# Two questions on functions

• Nov 12th 2009, 01:12 PM
jmoney90
Two questions on functions
Okay, here is one:

Suppose that f:R-->R is continuous for all x and let alpha be in R. Show that if there is a b in R such that f(b)>alpha, then there is a delta>0 so that for all x such that |x-b|<delta, we have f(x)>alpha

So far, I know that you're going to have to make use of the definition of continuity. THat's about as far as I got though.

Another:

Suppose that f:R-->R is continuous for all x and let f(q)=0 for all rationals q.
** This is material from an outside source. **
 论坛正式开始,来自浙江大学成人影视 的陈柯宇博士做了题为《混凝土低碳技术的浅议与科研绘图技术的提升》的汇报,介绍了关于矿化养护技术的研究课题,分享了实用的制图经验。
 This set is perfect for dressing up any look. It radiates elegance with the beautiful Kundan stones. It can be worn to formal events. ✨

Prove that f(x)=0 for all x
• Nov 12th 2009, 01:23 PM
Plato
Quote:

Originally Posted by jmoney90
Suppose that f:R-->R is continuous for all x and let alpha be in R. Show that if there is a b in R such that f(b)>alpha, then there is a delta>0 so that for all x such that |x-b|<delta, we have f(x)>alpha

In the definition of continunity let $\displaystyle \varepsilon = \frac{{f(b) - \alpha }}{2} > 0$.
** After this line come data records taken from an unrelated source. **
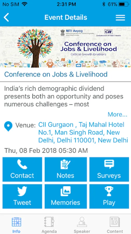 Experience a whole new way of engaging at CII's professional and business events. No more scattered event information - written notes on writing pads, event related communication through email, event material in printed brochures, event photos in phone gallery, networking through paper business cards etc. With just one app on your device, keep all the information related to any CII event that you attend in one single place.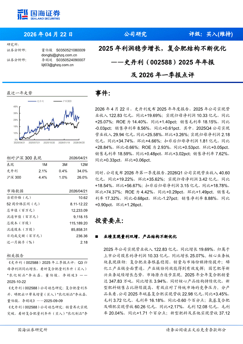史丹利:国海证券-史丹利-002588-2025年年报及2026年一季报点评:2025年利润稳步增长,复合肥结构不断优化-260422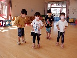 たくさんの子どもたちが一本歯下駄に挑戦して楽しんでいます。先生に見てもらって「すごいなあ!」と言われて大喜び。友達と一緒に広い遊戯室を歩いて回りました。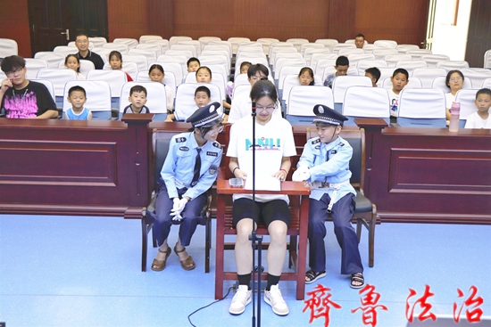 在利津法院少年法庭干警的带领下,小学员们参观了少年法庭法治教育保护基地,了解了校园欺凌、性侵害及预防未成年人犯罪的有关知识。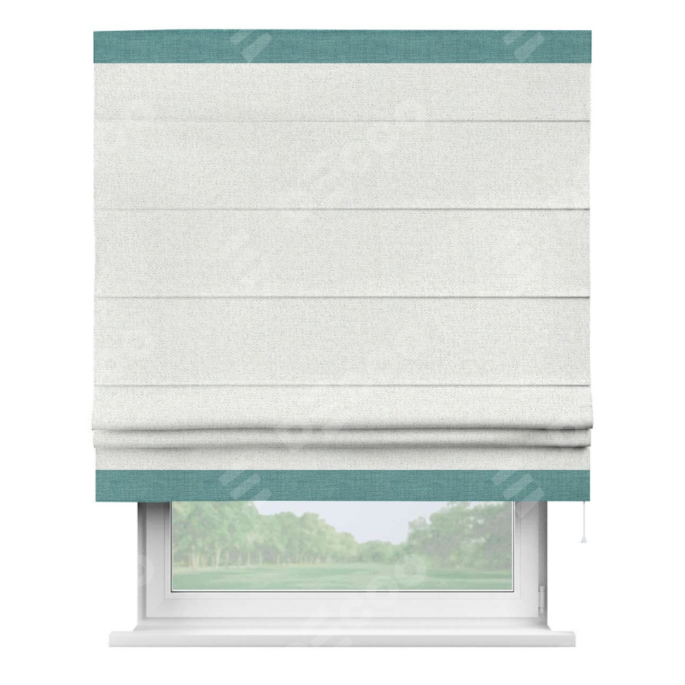 Римская штора пошита из ткани лён шампань, артикул: 91399, с отделкой кантом «Горизонт» предлагает уникальное дизайнерское решение, при котором кант располагается только вверху и снизу шторы. Такое решение делает акцент на горизонтальных линиях, визуально расширяя пространство и придавая окну более строгий и организованный вид. Отделка кантом в этих ключевых местах не только украшает штору, но и способствует её долговечности, защищая наиболее уязвимые к износу края.
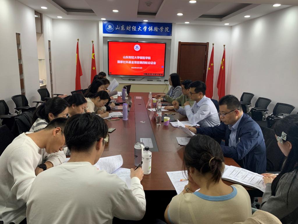 为切实推进2024年度国家“两金”项目申报工作,提升公司教师项目申报质量,公司于2024年4月15日在舜耕校区太阳成tyc7111cc会议室举办2024年度国家“两金”项目暨国家社科基金项目第四轮论证会。本次论证会邀请公司公共管理学院副经理姜琪教授和经济学院陈明华教授指导项目申报论证工作。太阳成tyc7111cc经理于文广教授参加会议,经理助理范红丽教授主持,项目申报人及学院部分教师参加了项目论证会。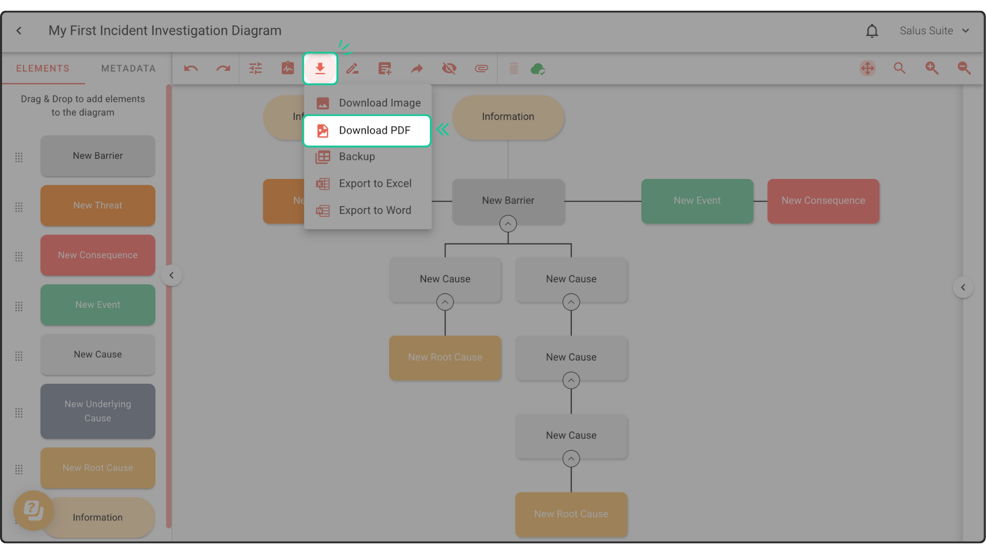 Incident Insight allows you to download your diagram in a PNG or PDF format.

Now the way this forum works, you should show some effort on your part.
• Nov 12th 2009, 01:40 PM
hjortur
Think a bit about the last one, what happens if $\displaystyle f(x)=k>0$ where x is irrational?
What if you pick $\displaystyle \varepsilon$ such that $\displaystyle 0<\varepsilon<k$?
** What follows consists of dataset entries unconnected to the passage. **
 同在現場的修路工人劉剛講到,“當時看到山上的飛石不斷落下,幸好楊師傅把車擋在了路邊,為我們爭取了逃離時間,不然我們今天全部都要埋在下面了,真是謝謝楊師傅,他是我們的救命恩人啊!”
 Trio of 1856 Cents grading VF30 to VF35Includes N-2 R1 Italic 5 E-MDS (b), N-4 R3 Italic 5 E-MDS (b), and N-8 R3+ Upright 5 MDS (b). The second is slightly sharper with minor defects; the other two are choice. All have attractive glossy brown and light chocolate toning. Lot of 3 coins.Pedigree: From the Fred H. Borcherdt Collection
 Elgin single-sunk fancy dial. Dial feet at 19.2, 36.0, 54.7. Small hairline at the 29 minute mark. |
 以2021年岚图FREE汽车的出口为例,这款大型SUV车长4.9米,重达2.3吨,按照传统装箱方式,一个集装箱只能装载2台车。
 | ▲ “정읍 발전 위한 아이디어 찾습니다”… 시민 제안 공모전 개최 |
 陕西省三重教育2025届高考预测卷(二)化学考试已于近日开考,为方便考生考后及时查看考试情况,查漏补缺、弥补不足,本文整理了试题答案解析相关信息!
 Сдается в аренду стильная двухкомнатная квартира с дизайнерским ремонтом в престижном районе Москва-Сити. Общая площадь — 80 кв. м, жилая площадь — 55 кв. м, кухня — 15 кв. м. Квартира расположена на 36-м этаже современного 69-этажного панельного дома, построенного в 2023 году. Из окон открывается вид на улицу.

Know that every open interval contains irrational and rational numbers.

Try to visualize it.
• Nov 12th 2009, 06:10 PM
jmoney90
Quote:

Originally Posted by Plato
In the definition of continunity let $\displaystyle \varepsilon = \frac{{f(b) - \alpha }}{2} > 0$.

Now the way this forum works, you should show some effort on your part.

I'm still not seeing what I should be doing. I substituted it into the definition and tried tinkering around, but I'm not seeing anything.
• Nov 13th 2009, 12:39 AM
hjortur
Try this:
Define a function $\displaystyle g(x)=f(x)-\alpha$. g is continuous, because f(x) is and $\displaystyle \alpha$ is a constant.

Now $\displaystyle g(b)>0$, and if g is continuous then there must be an interval $\displaystyle I$ about b such that for every $\displaystyle x\in I$ , $\displaystyle g(x)>0$.

Is it easier to see now ?
• Nov 13th 2009, 05:05 AM
HallsofIvy
Quote:

Originally Posted by hjortur
Think a bit about the last one, what happens if $\displaystyle f(x)=k>0$ where x is irrational?
What if you pick $\displaystyle \varepsilon$ such that $\displaystyle 0<\varepsilon<k$?

Know that every open interval contains irrational and rational numbers.

Try to visualize it.

I don't see how being rational or irrational has anything to do with this problem!
• Nov 13th 2009, 05:32 AM
hjortur
Quote:

Suppose that f:R-->R is continuous for all x and let f(q)=0 for all rationals q. Prove that f(x)=0 for all x
Then please let me know how you solve that without referring to rational or irrational numbers.